__DIRECTIONS FOR THIS TASK__.
Beneath this task are records; print exactly the stretch of them from the line with "Free Shipping for" through the line with "Bộ kẹp trần", both ends included.

*** ENTRIES SHOWN

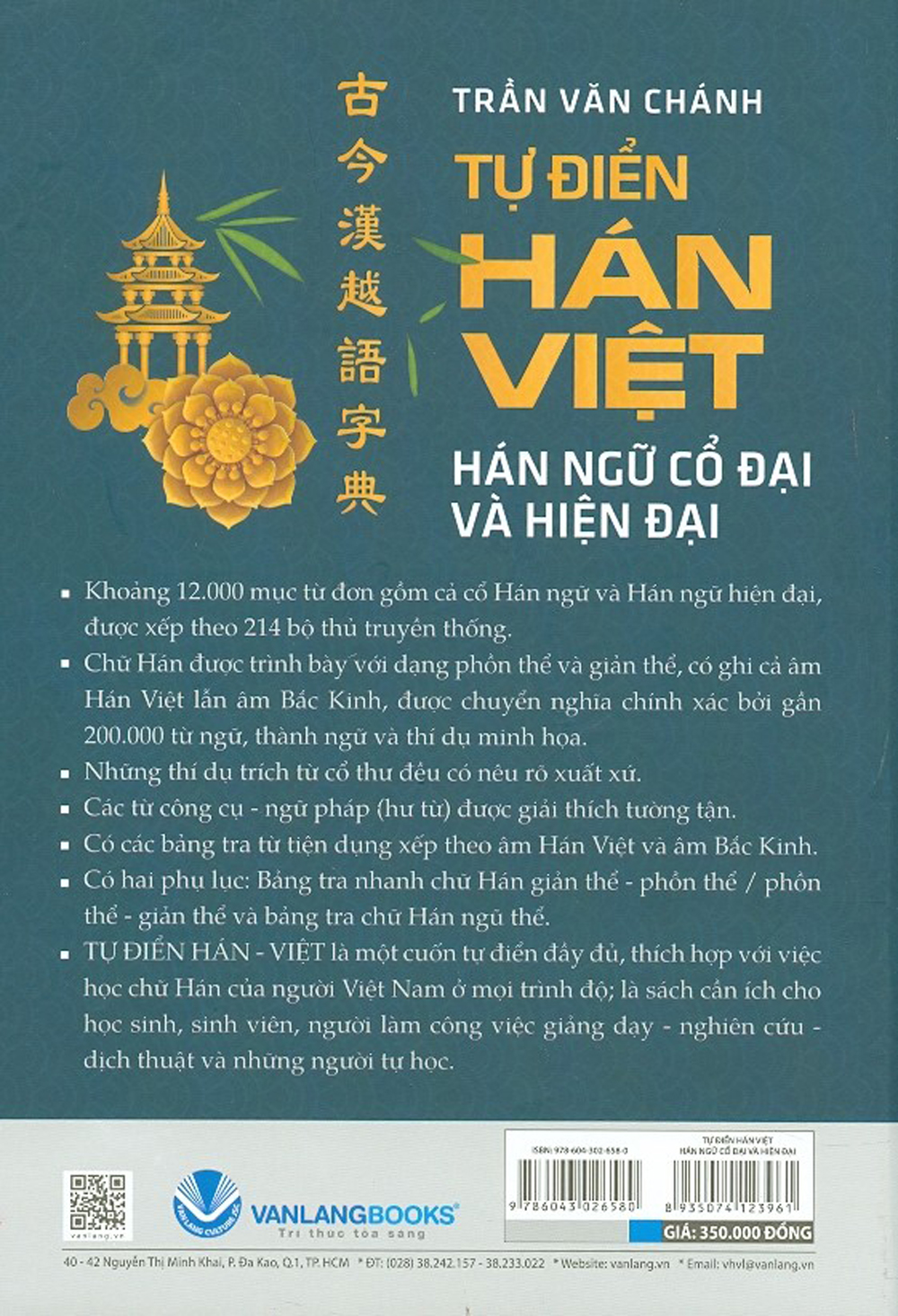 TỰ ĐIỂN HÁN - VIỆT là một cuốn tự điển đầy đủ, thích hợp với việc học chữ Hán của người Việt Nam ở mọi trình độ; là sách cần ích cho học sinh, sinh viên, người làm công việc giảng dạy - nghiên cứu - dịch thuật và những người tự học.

******
*** ENTRIES SHOWN

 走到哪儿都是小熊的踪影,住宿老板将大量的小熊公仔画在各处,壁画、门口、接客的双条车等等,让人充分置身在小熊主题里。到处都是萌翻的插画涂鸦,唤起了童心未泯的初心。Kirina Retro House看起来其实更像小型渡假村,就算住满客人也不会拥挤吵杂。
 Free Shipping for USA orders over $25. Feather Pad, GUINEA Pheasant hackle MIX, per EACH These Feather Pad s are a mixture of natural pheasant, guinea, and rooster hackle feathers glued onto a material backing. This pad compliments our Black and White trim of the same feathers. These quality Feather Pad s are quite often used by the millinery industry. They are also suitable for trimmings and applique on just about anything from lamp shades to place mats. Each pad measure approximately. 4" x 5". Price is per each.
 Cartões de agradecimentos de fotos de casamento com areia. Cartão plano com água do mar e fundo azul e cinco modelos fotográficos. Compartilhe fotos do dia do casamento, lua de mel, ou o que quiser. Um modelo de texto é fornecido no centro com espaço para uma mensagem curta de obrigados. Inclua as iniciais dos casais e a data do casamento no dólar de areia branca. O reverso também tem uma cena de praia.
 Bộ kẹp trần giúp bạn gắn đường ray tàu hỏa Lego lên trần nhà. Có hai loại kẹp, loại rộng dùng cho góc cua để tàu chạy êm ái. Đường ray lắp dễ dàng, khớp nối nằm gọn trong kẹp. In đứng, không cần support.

******

__TASK OUTPUT__.
 Free Shipping for USA orders over $25. Feather Pad, GUINEA Pheasant hackle MIX, per EACH These Feather Pad s are a mixture of natural pheasant, guinea, and rooster hackle feathers glued onto a material backing. This pad compliments our Black and White trim of the same feathers. These quality Feather Pad s are quite often used by the millinery industry. They are also suitable for trimmings and applique on just about anything from lamp shades to place mats. Each pad measure approximately. 4" x 5". Price is per each.
 Cartões de agradecimentos de fotos de casamento com areia. Cartão plano com água do mar e fundo azul e cinco modelos fotográficos. Compartilhe fotos do dia do casamento, lua de mel, ou o que quiser. Um modelo de texto é fornecido no centro com espaço para uma mensagem curta de obrigados. Inclua as iniciais dos casais e a data do casamento no dólar de areia branca. O reverso também tem uma cena de praia.
 Bộ kẹp trần giúp bạn gắn đường ray tàu hỏa Lego lên trần nhà. Có hai loại kẹp, loại rộng dùng cho góc cua để tàu chạy êm ái. Đường ray lắp dễ dàng, khớp nối nằm gọn trong kẹp. In đứng, không cần support.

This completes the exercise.